* **YOUR OBJECTIVE**: Below are records to return verbatim; the pictures are to be dropped.

* **Items from a data source**:
----------------
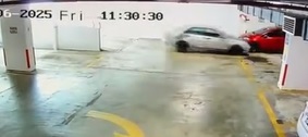 视频 | 男子轿车电池没电 停车场推车下坡 失控撞毁Myvi
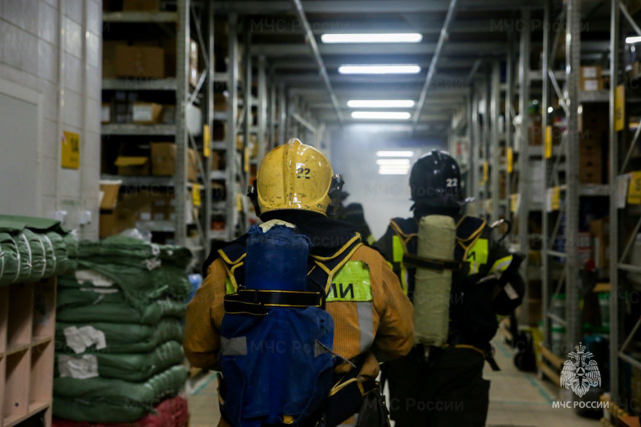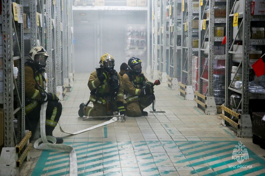 По легенде учений, возгорание произошло на складе торгового дома. Работники, обнаружив условный пожар, оперативно организовали эвакуацию посетителей и покинули здание.
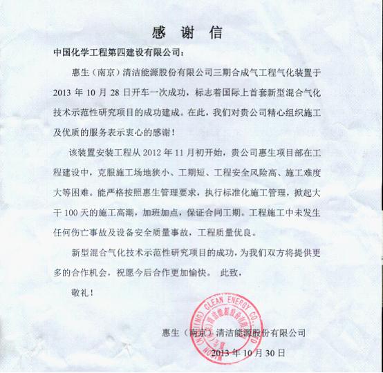 氣化裝置是繼其他各套系統開車成功后最后開車的核心裝置。它的成功開車標志著全部施工任務圓滿完成。分公司在該項目上創造了工程進度、質量安全、業主服務三個一流,用心血和汗水為業主奉獻了精品工程,展示了化建湘軍的風采,更獲得了業主來信高度贊揚!
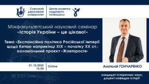1 жовтня 2025 р. о 15-00 відбудеться доповідь кандидата історичних наук, доцента кафедри історії СумДУ Анатолія Гончаренка на тему «Експансійна політика Російської імперії щодо Китаю
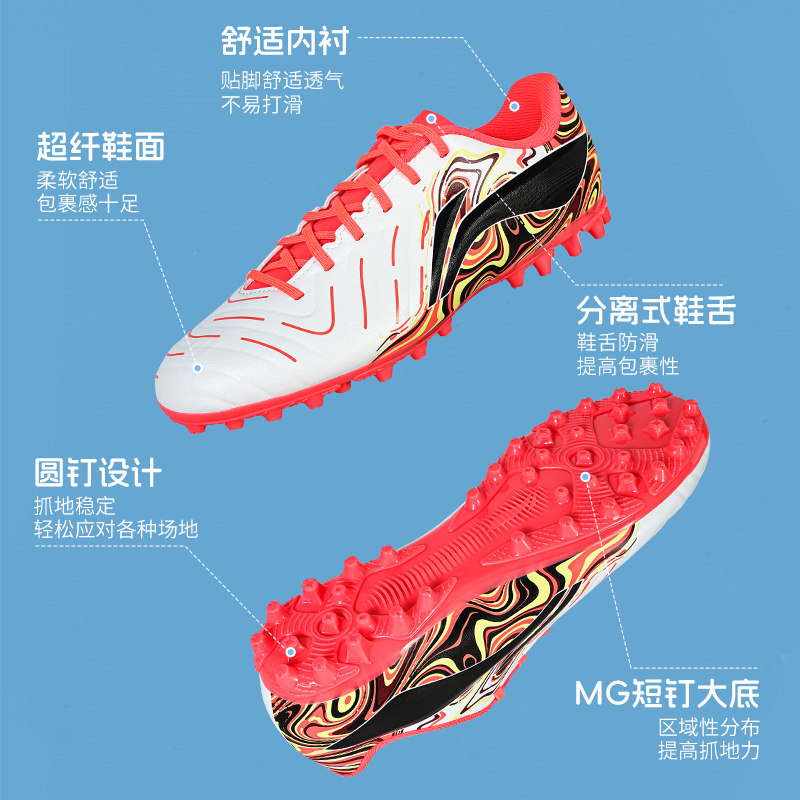 李宁儿童足球鞋男童女孩MG短钉TF碎钉少儿青少年小学生训练专用鞋
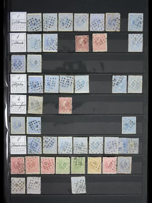 £1,000Collection of 1,500+ stamps with many numerical cancellations, smallround and long bar cancels, including many beautiful and scarce cancels, on pieces, etc., in 2 thick stock books.
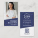 Navy Blue Contemporary Photo QR Code Logo Vertical Business Card
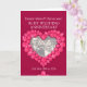 Personnalisez cette carte d'anniversaire de mariage rubis avec vos parents, photo, année de mariage et mots à l'intérieur. Exemple de texte : Chers Maman & Papa pour votre anniversaire de mariage rubis 25 mai 1984 à 2024. Effet de cœur en rubis rouge et design par Sarah Trett.
----------------
* **EXPECTED ANSWER**:
 视频 | 男子轿车电池没电 停车场推车下坡 失控撞毁Myvi
 По легенде учений, возгорание произошло на складе торгового дома. Работники, обнаружив условный пожар, оперативно организовали эвакуацию посетителей и покинули здание.
 氣化裝置是繼其他各套系統開車成功后最后開車的核心裝置。它的成功開車標志著全部施工任務圓滿完成。分公司在該項目上創造了工程進度、質量安全、業主服務三個一流,用心血和汗水為業主奉獻了精品工程,展示了化建湘軍的風采,更獲得了業主來信高度贊揚!
1 жовтня 2025 р. о 15-00 відбудеться доповідь кандидата історичних наук, доцента кафедри історії СумДУ Анатолія Гончаренка на тему «Експансійна політика Російської імперії щодо Китаю
 李宁儿童足球鞋男童女孩MG短钉TF碎钉少儿青少年小学生训练专用鞋
 £1,000Collection of 1,500+ stamps with many numerical cancellations, smallround and long bar cancels, including many beautiful and scarce cancels, on pieces, etc., in 2 thick stock books.
 Navy Blue Contemporary Photo QR Code Logo Vertical Business Card
 Personnalisez cette carte d'anniversaire de mariage rubis avec vos parents, photo, année de mariage et mots à l'intérieur. Exemple de texte : Chers Maman & Papa pour votre anniversaire de mariage rubis 25 mai 1984 à 2024. Effet de cœur en rubis rouge et design par Sarah Trett.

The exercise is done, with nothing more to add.